Configuration options are provided to aid:

  • mounting remote share with specific local user/group (uid/gid)
  • mount ordering (after/before/requires/requiredBy) of related systemd services
  • samba credential file location (credentials= compatible file path)
  • samba password file location (generated a credentials compatible file path containing password=<password-file>)

Example Configuration

The below configuration shows a number of ways to configure a samba mount.

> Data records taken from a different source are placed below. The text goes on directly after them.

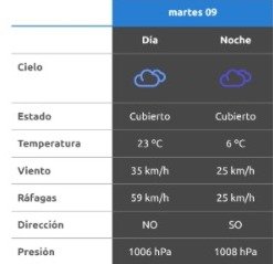 Para después del mediodía el cielo estará con lluvias fuertes y los vientos serán del noroeste y correrán a una velocidad estimada de entre 7 a 12 km/h. La temperatura pronosticada sería de 6 grados. A la noche, el clima rondará los 4 grados, mientras que los vientos serán del noroeste a una velocidad de entre 23 y 31 kilómetros por hora. La probabilidad de lluvia estaría en el orden del entre 40 y 70 por ciento para esta franja del día.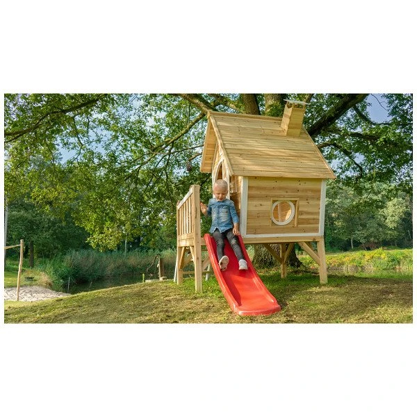De speelhuisjes van EXIT Toys zijn gemaakt van FSC® gecertificeerd cederhout (FSC 100%, FSC® SCS-COC-007799). Deze houtsoort splintert niet en is van nature bestand tegen weersinvloeden zoals regen en dus resistent tegen houtrot. Je hoeft EXIT houten speelhuisjes voor gebruik niet te behandelen, kinderen kunnen er direct veilig mee spelen.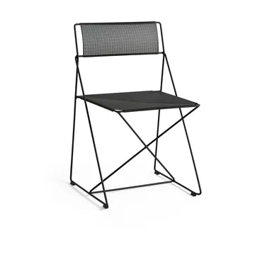 X-Line Indoor Outdoor stol från HAY är designad av Niels Jørgen Haugesen för att passa både inomhus och utomhus. Stolen, inspirerad av 1970-talets högteknologiska stil, har ett karakteristiskt X-mönster för styrka och flexibilitet. Dess hållbara och stapelbara egenskaper gör stolen till en mångsidig lösning i de flesta miljöer och sammanhang. Stolen är stapelbar upp till tio stolar och kombinerar både minimalism och funktionalitet.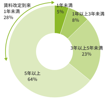 3年未満で期間満了及び賃料改定となる契約が約40%

users.users.mylocaluser = {
  uid = 6000;
  isNormalUser = true;
};
provision.fs.samba.client = {
  enable = true;
  remoteUrl = "10.89.1.7";
  # mount a public share, automatically assumed to be public if `user` is not set
  mounts.public = {
    hostPath = "/public";
    # added to mount unit as an `after` entry of targets/services
    networkOnlineService = "network-online.target";
  };
  mounts.private = {
    hostPath = "/private";
    networkOnlineService = "network-online.target";
    # you can also add your own requires/requiredBy/after/before entries for each mount
    requires = [ "firewall.service" ];
    # use this samba user for login to the samba server
    user = "smb-generated-user";
    # you can specify a samba credentials file that must be a valid file for the CIFS `credentials` mount option
    credentialsFile = "/root/smb-generated-user-creds";
  };
  mounts.user-example = {
    hostPath = "/user-example";
    networkOnlineService = "network-online.target";
    # you can specify a local uid/user and gid/group to force local user permissions
    uid = "mylocaluser";
    gid = "users";
    user = "smb-generated-user";
    passwordFile = snakeoilPasswordFile;
    # it can be useful to use this with agenix/sops-nix
    # passwordFile = config.age.secrets.smb-generated-user-password.path;
  };
};

Mount Commands

Mount as guest

mount.cifs //myserv/public /mnt/public -o guest

Mount as authenticated user (inline credentials)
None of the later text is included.